Based on current trends, American expects its second-quarter capacity to be down 20 to 25 percent compared to the second quarter of 2019. The company also expects its second- quarter adjusted pre-tax margin to be between negative 27 percent and negative 30 percent.

The company will continue to match its forward capacity with observed bookings trends.

American's Chairman and CEO Doug Parker said, "Looking forward, with the momentum underway from the first quarter, we see signs of continued recovery in demand. We remain confident the network enhancements, customer-focused improvements and efficiency measures we've put into place will ensure American is well-positioned for the recovery."

For the first quarter, net loss was $1.25 billion, or $1.97 per share, compared to last year's loss of $2.24 billion or $5.26 per share. Excluding net special items, first-quarter net loss was $2.7 billion, or $4.32 per share.
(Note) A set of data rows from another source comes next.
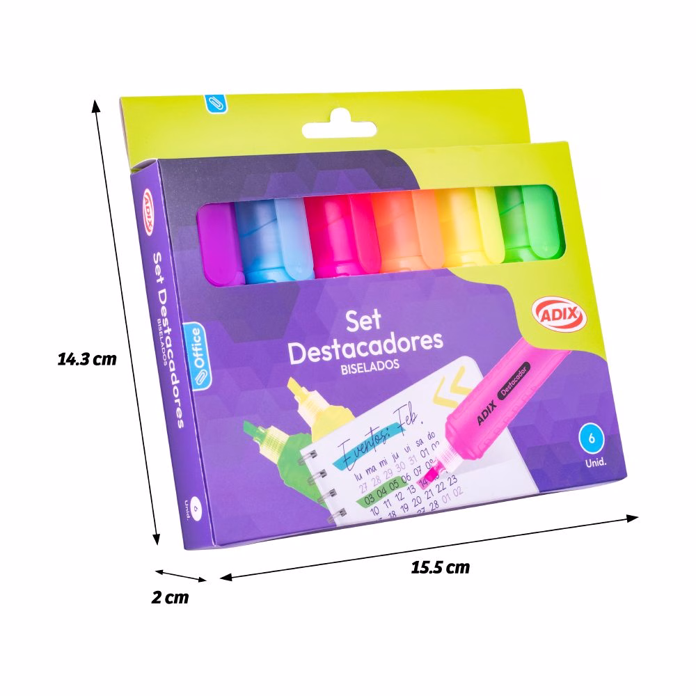 Este set de 6 destacadores Adix incluye colores vibrantes: amarillo, verde, anaranjado, rosado, azul y morado, ideales para organizar información de forma visual y creativa.
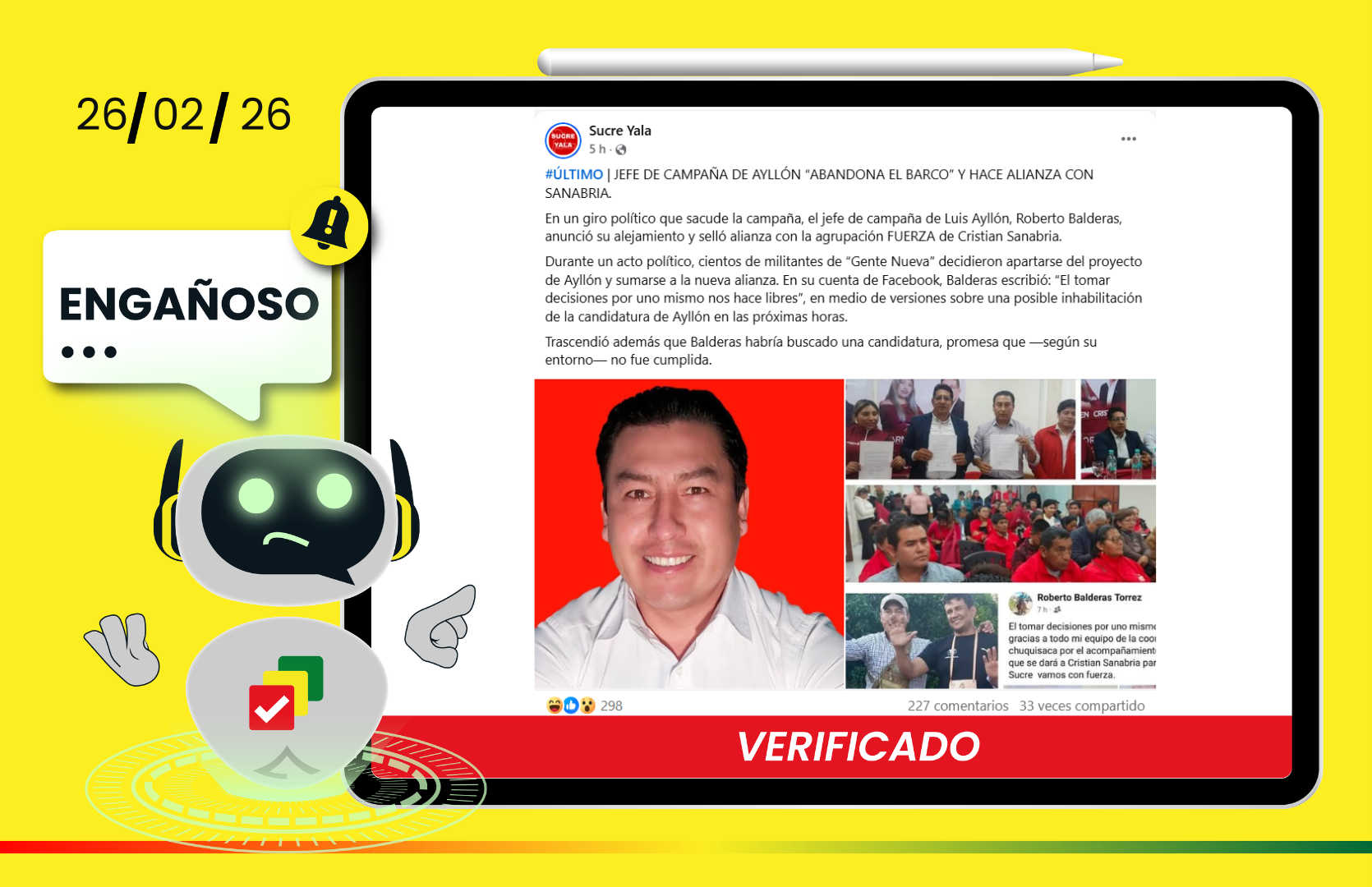 En la página de Facebook Sucre Yala se difundió una publicación afirmando que el «jefe de campaña de Gente Nueva abandonó el barco» para sumarse a la agrupación Fuerza. El post identifica en este rol a Roberto Balderas, quien aparece en fotografías junto al candidato a la Alcaldía de Sucre por Fuerza, Cristian Sanabria.
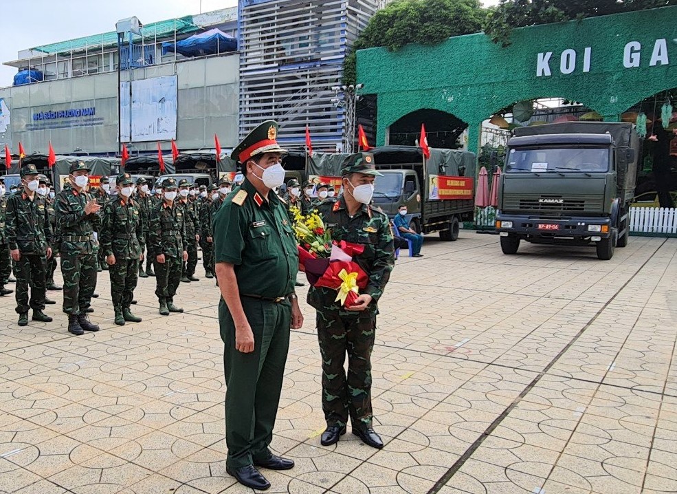 Thiếu tướng Nguyễn Văn Hoàng, Phó Tham mưu trưởng Quân khu 7 tặng hoa chúc mừng Sư đoàn 302 hoàn thành nhiệm vụ giúp Quận 5 chống dịch.
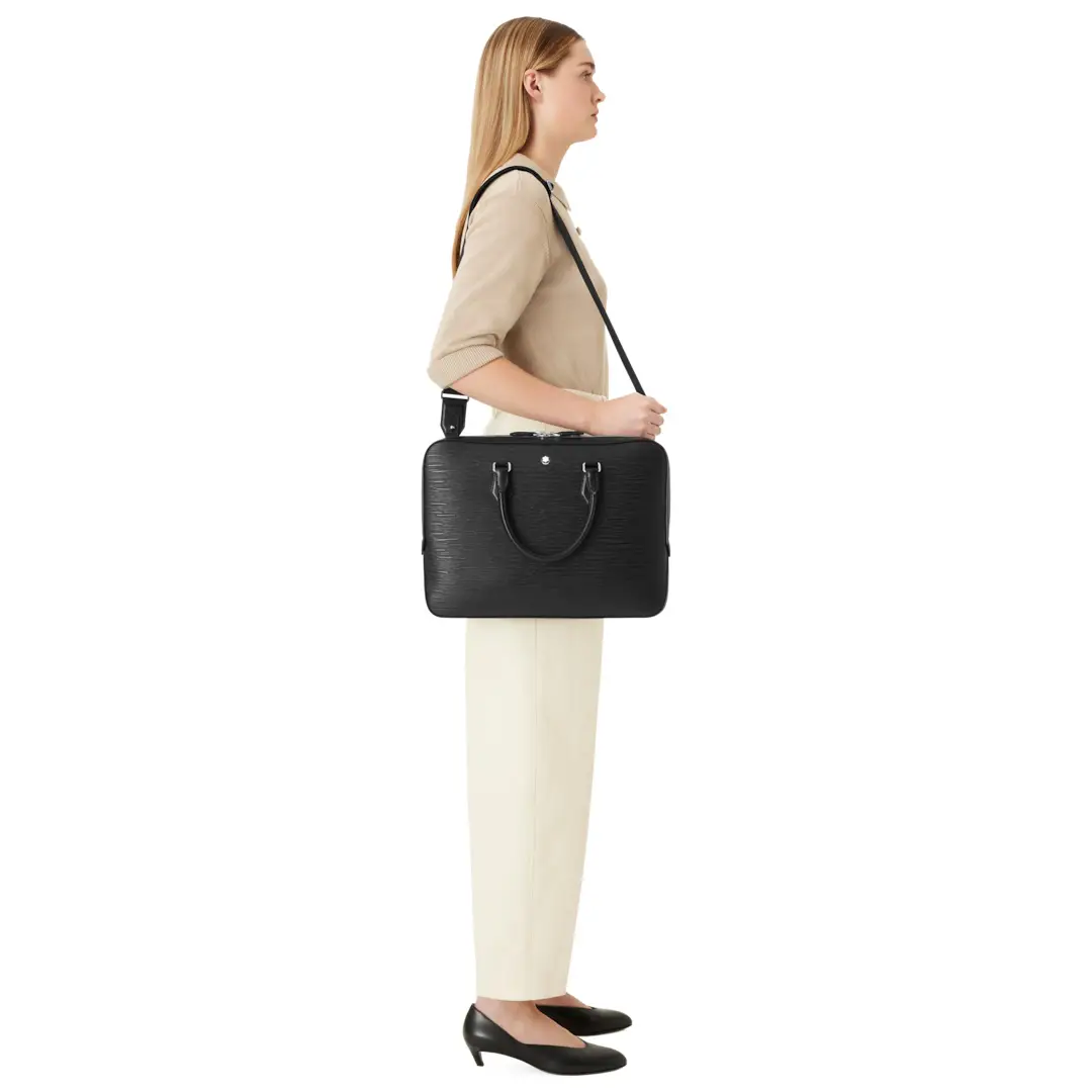 Das Außendesign besticht durch minimalistischen Chic: glattes Leder, klare Nähte und ein zurückhaltendes Logo reflektieren die elegante Ästhetik dieses Modells. Ideal für Geschäftsleute, die in jeder Hinsicht Stil und Qualität ausstrahlen. Der verstellbare Schulterriemen sowie das stabile Tragegriff ermöglichen flexibles Tragen – ob lässig über der Schulter oder klassisch in der Hand. Die Meisterstück 130912 ist mehr als nur eine Tasche – sie repräsentiert Ambition, Stil und Ordnung.

On average, 17 analysts polled by Thomson Reuters expected loss of $4.30 per share. Analysts' estimates typically exclude special items.

Total operating revenues were $4.01 billion, down 53 percent from last year's $8.52 billion, on a 39 percent year-over-year reduction in total available seat miles or ASMs. Analysts were looking for revenues of $4.04 billion.

Passenger revenues fell 58.6 percent from last year to $3.18 billion. Cargo revenues more than doubled from last year.

In pre-market activity on Nasdaq, American Airlines shares were trading at $21.63, up 2.95 percent.